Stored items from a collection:
* * *

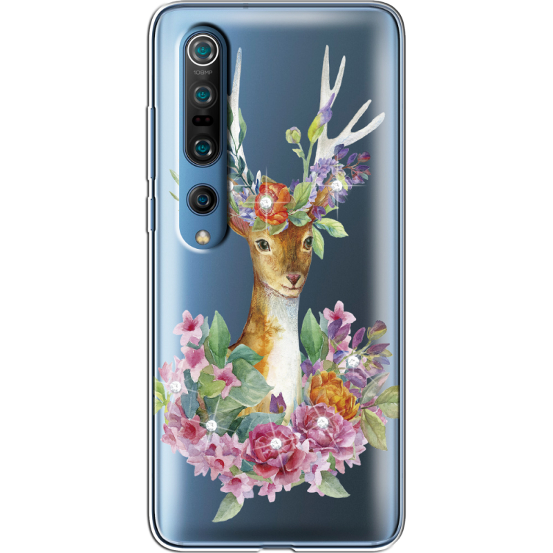 Чехол со стразами Xiaomi Mi 10 Pro Deer with flowers
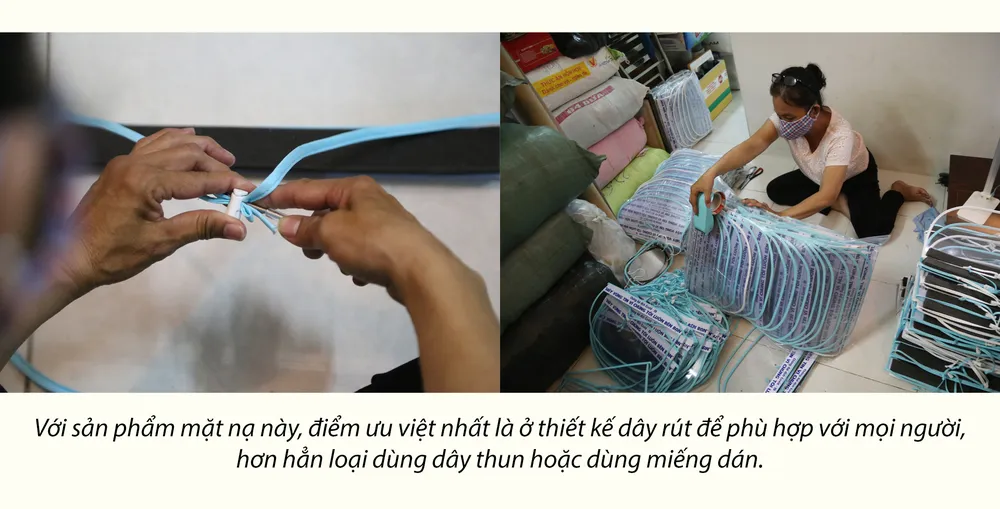 Chị Quách Mỹ Linh (42 tuổi, quận Bình Thạnh), người đưa ra sáng kiến làm những chiếc mặt nạ, cho biết chị tham khảo mẫu mặt nạ chống dịch trên các trang mạng nước ngoài, sẵn kinh nghiệm kinh doanh nón của bản thân, chị đã mày mò tìm mua các nguyên liệu để tự sáng chế, tạo ra một sản phẩm hoàn chỉnh nhất.
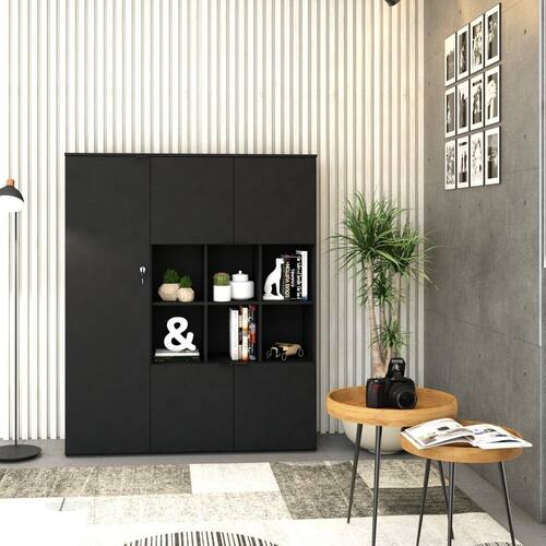 Armário Alto com Nichos WLAN135 WorkLab é uma peça de mobiliário que alia capacidade de armazenamento com um design elegante e moderno, ideal para escritórios que valorizam tanto a funcionalidade quanto a estética. Com nichos centrais abertos e cinco portas, este armário oferece uma solução de armazenamento diversificada, perfeita para exibir itens decorativos ou manter materiais de consulta rápida à mão. Suas portas possuem dobradiças com amortecedor que garantem um fechamento suave e silencioso, além dos puxadores em alumínio, elegantes e funcionais. O Armário WLAN135 WorkLab é mais que um simples móvel de armazenamento, é uma declaração de estilo que traz organização e sofisticação ao ambiente de trabalho. Acabamento da Porta: BP Acabamento da Prateleira: BP Ambiente Principal: Escritório Complexidade da Montagem: Alta: deve ser montado por um montador especializado Cor: Preto Cor do Produto: Preto Cor Interna: Preto Escala de Brilho: Fosco Escala de Brilho da Porta: Fosco Escala de Brilho da Prateleira: Fosco Itens Inclusos: 1 Armário c/Nicho Manual de Montagem e Instalação: https://cdn2.madeiramadeira.com.br/prd/compace-sala-de-jantar/2365024-1727080858-950117-109196.pdf Material da Porta: MDP Material da Prateleira: MDP Material do Puxador da Porta: Alumínio Material Principal: MDP Necessita Montagem: Sim Origem do Produto: Nacional Peso: 70,29 kg Peso Máximo por Prateleira: 10 kg Possui Espelho: Não Possui Nicho: Sim Possui Pés: Não Possui Portas: 05 Possui Prateleiras: 05 Recomendações de Uso, Manutenção e Limpeza: Para a limpeza, utilize flanela seca ou pano macio levemente umedecido em água. Utilize um pano seco em seguida. Evite contato com produtos químicos (solventes, thinner, acetona, etc) e não utilize nenhum tipo de esponja de aço. Sapatas Niveladoras: Sim Sistema de Montagem: Parafuso, Cavilha, Minifix, Dobradiça, Prego e sapata niveladora Suporta Até (kg): 90 kg Tipo de Dobradiça/Corrediça da Porta: Metálica Tipo de Puxador da Porta: Externo Marca: Metalig
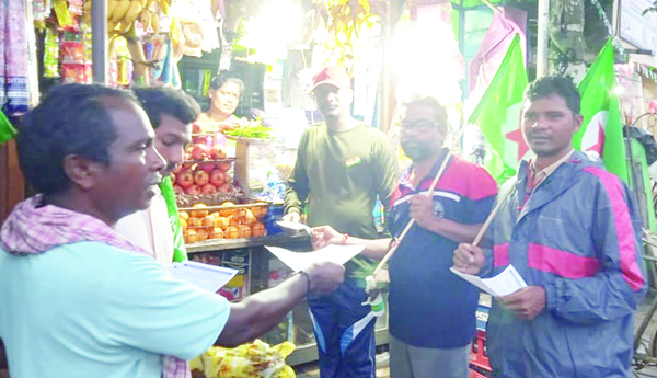 కురుపాం : మన్యం బంద్కు సహకరించాలని ఆదివాసీ గిరిజన సంఘం జిల్లా ఉపాధ్యక్షులు ఎం.శ్రీనివాసరావు, సహాయ కార్యదర్శి పి.తిరుపతిరావు కోరారు. బుధవారం కురుపాంలో దుకాణాల వద్దకు వెళ్లి కరపత్రాలు పంచుతూ బంద్కు సహకరించాలని కోరారు. కార్యక్రమంలో గిరిజన సంఘం జిల్లా కమిటీ సభ్యులు పి.మోహనరావు, కె.సుందర్ రావు తదితరులు పాల్గొన్నారు.
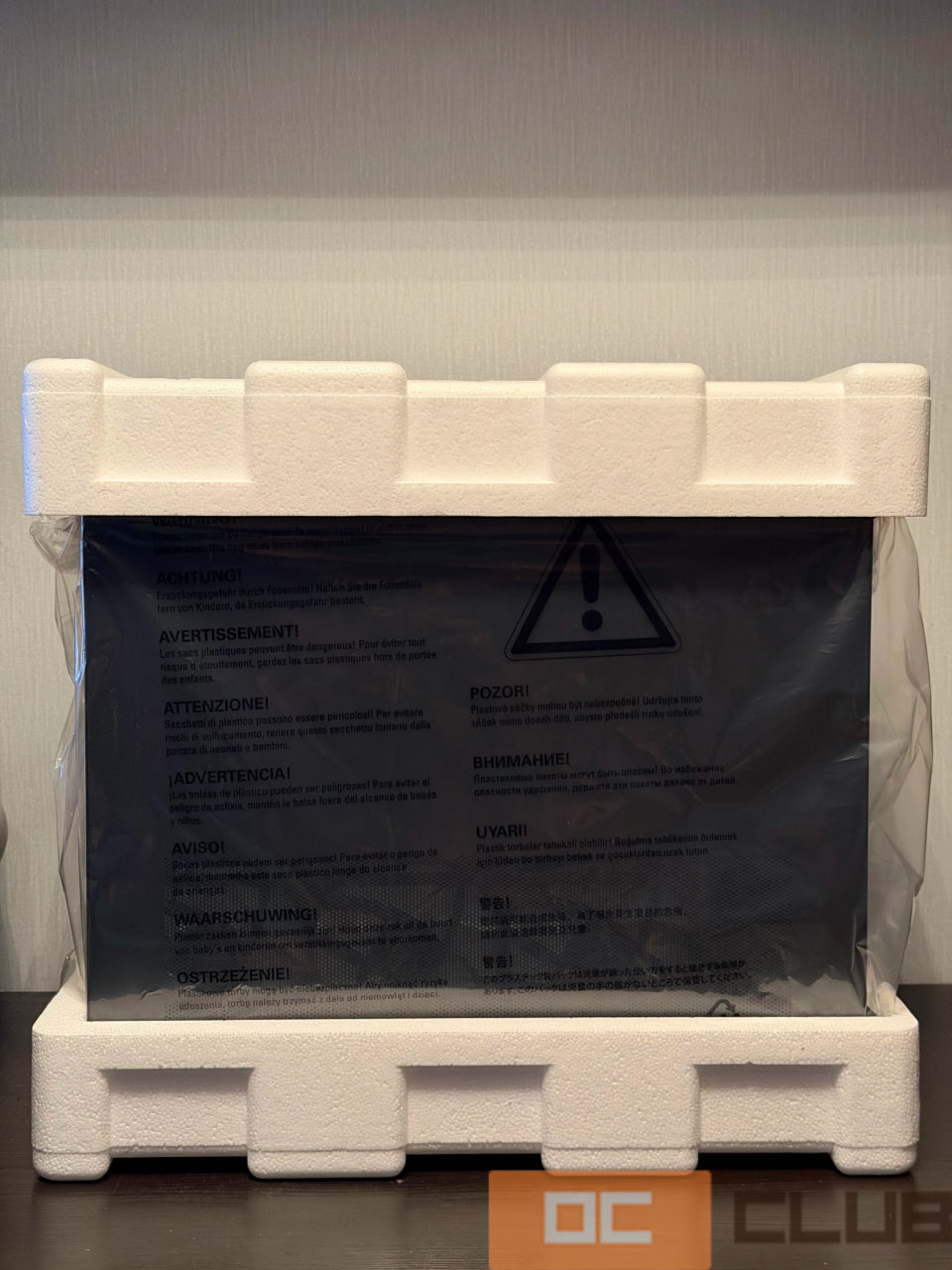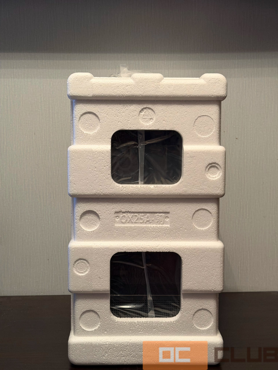 Корпус упакован в полиэтиленовый пакет для защиты от пыли и царапин и зафиксирован с двух сторон пенопластовыми вставками. Это немного разочаровывает, поскольку за корпус стоимостью около 7000 рублей хотелось бы видеть более мягкую упаковку, например поролон. В то же время коробка имеет усиленные углы: используется нахлёст картона и дополнительные диагональные картонные уголки для повышения жёсткости конструкции.
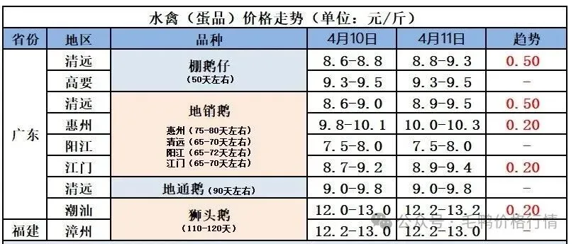 4月11日南方桂柳广东区域毛鸭报价(元/斤) |
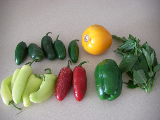 ハラピーニョ、オレンジ色のトマト、バジル
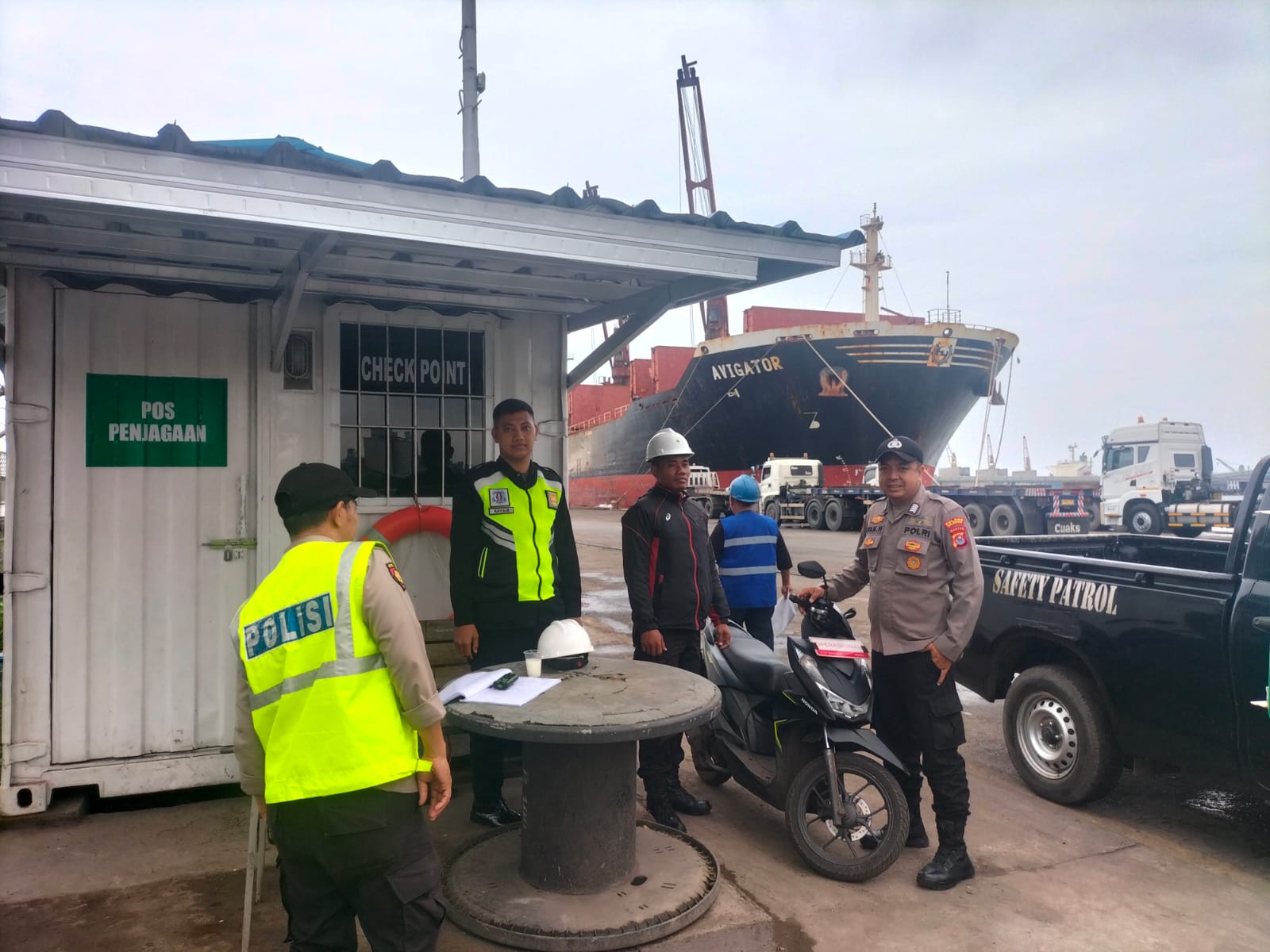 Kapolres Cilegon Polda Banten AKBP Martua Raja Taripar Laut Melalui Kapolsek Kskp Banten Polres Cilegon Polda Banten AKP Fredo Leonard Mengatakan Personil Polsek Kskp Banten Rutin menyambangi anggota Security dan memberikan himbauan agar para anggota Security bisa melaksanakan tugas menjaga keamanan di lingkungan Kawasan Pelabuhan.
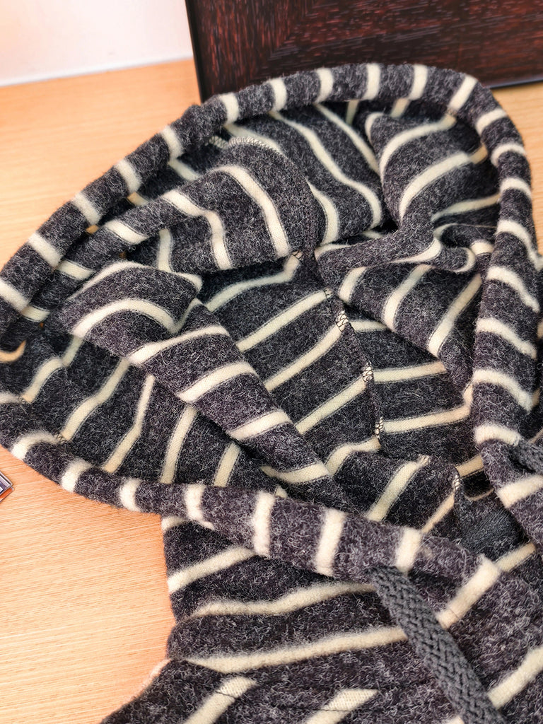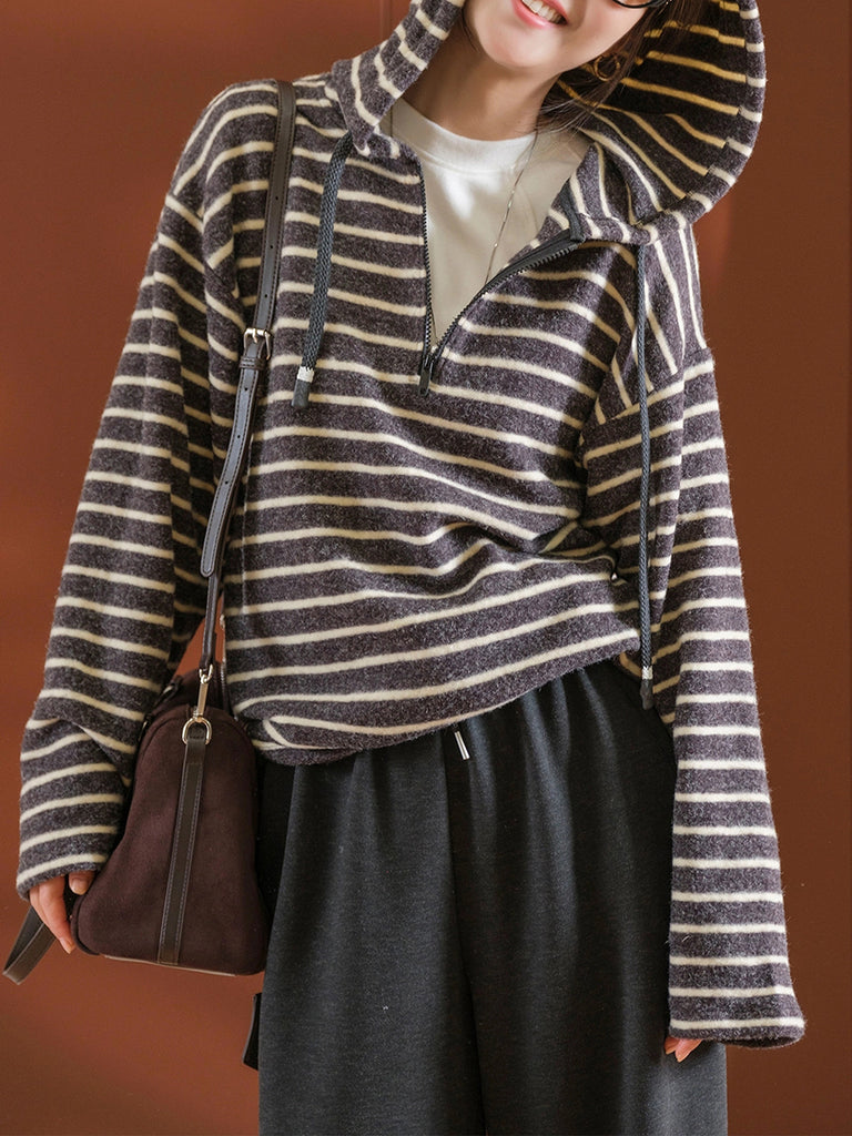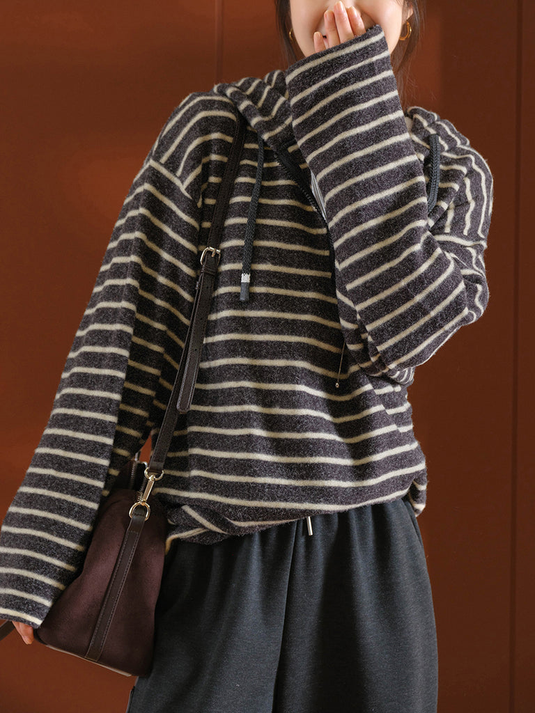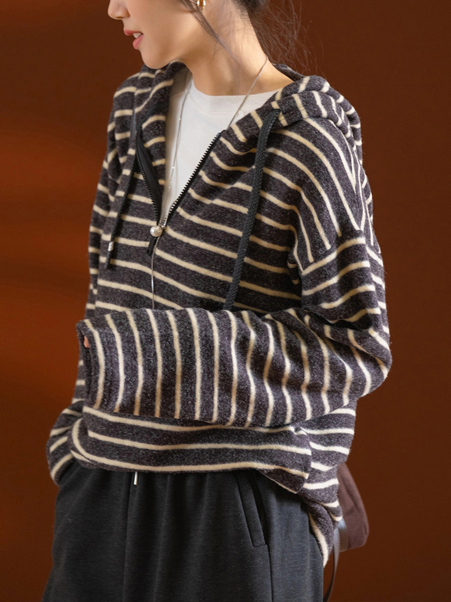 Ženski jesenski vintage prugasti pulover s kapuljačom
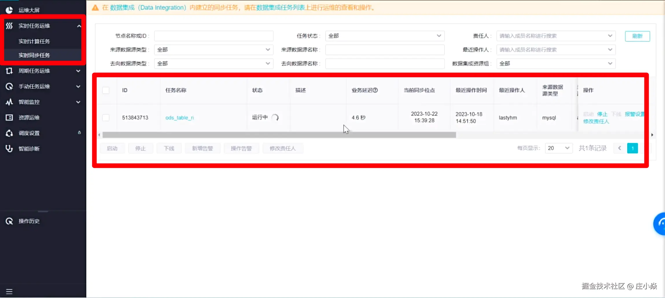 数据实时同步正在执行
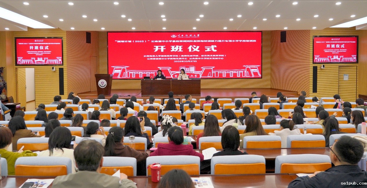 10月27日,由我校继续教育学院(教师发展学院、职业技术教育学院)组织实施的“国培计划(2025)”——云南省中小学县级培训团队新教师培训能力提升专项小学学段培训班在一二·一西南联大校区开班。学院党委书记邹飒、副院长刘应兰,项目管理团队以及来自全省各州县师训部门负责人、教研员、乡村学校和跟岗基地校的双校双指导教师,共计169名研修人员参加了开班仪式。刘应兰主持开班仪式。

* * *

§ Exercise requirements:
What is needed is an exact repeat of the lines from the one containing "ハラピーニョ、オレンジ色のトマト、バジル" through the last line of the records above, both included, with pictures left out.

§ Solution for this problem:
 ハラピーニョ、オレンジ色のトマト、バジル
 Kapolres Cilegon Polda Banten AKBP Martua Raja Taripar Laut Melalui Kapolsek Kskp Banten Polres Cilegon Polda Banten AKP Fredo Leonard Mengatakan Personil Polsek Kskp Banten Rutin menyambangi anggota Security dan memberikan himbauan agar para anggota Security bisa melaksanakan tugas menjaga keamanan di lingkungan Kawasan Pelabuhan.
 Ženski jesenski vintage prugasti pulover s kapuljačom
 数据实时同步正在执行
 10月27日,由我校继续教育学院(教师发展学院、职业技术教育学院)组织实施的“国培计划(2025)”——云南省中小学县级培训团队新教师培训能力提升专项小学学段培训班在一二·一西南联大校区开班。学院党委书记邹飒、副院长刘应兰,项目管理团队以及来自全省各州县师训部门负责人、教研员、乡村学校和跟岗基地校的双校双指导教师,共计169名研修人员参加了开班仪式。刘应兰主持开班仪式。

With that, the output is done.